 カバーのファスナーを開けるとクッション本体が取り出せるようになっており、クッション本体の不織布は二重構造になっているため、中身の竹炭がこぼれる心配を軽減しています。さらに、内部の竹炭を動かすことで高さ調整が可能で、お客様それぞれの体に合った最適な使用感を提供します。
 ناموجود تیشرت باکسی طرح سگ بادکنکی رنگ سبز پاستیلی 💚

---

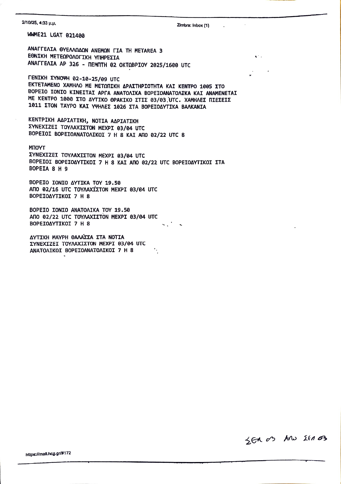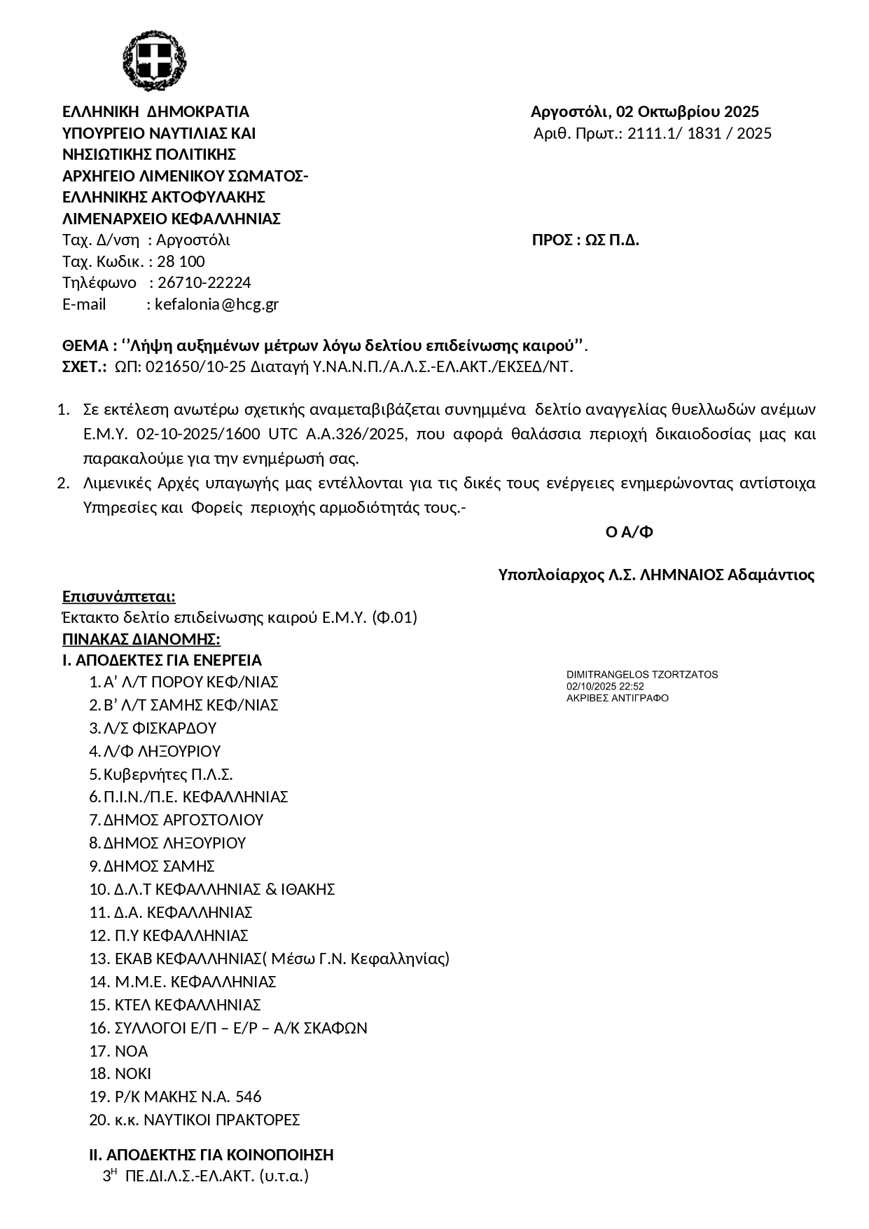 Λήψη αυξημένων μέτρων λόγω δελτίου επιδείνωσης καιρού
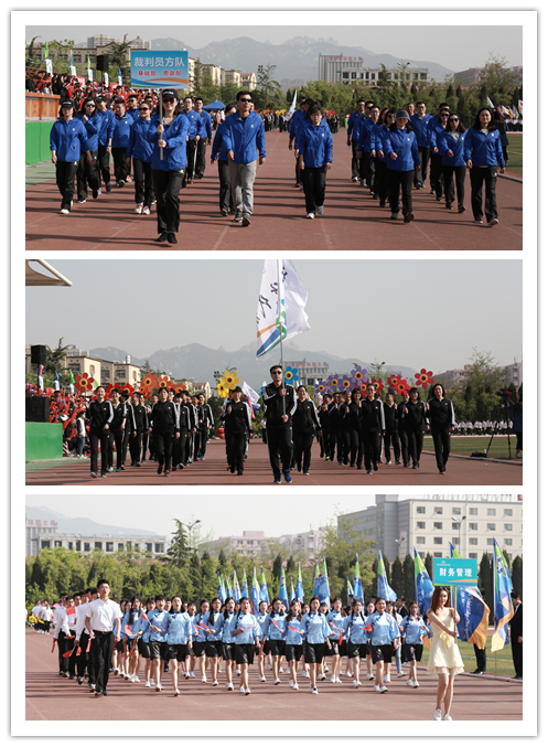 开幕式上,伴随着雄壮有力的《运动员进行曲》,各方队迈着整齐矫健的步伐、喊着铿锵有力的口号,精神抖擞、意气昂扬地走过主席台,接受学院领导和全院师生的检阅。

Aim of the exercise |
When you reach the line containing "カバーのファスナーを開けると" in the data above, start copying exactly, and stop after the line containing "ناموجود تیشرت باکسی".

Reply to the exercise |
 カバーのファスナーを開けるとクッション本体が取り出せるようになっており、クッション本体の不織布は二重構造になっているため、中身の竹炭がこぼれる心配を軽減しています。さらに、内部の竹炭を動かすことで高さ調整が可能で、お客様それぞれの体に合った最適な使用感を提供します。
 ناموجود تیشرت باکسی طرح سگ بادکنکی رنگ سبز پاستیلی 💚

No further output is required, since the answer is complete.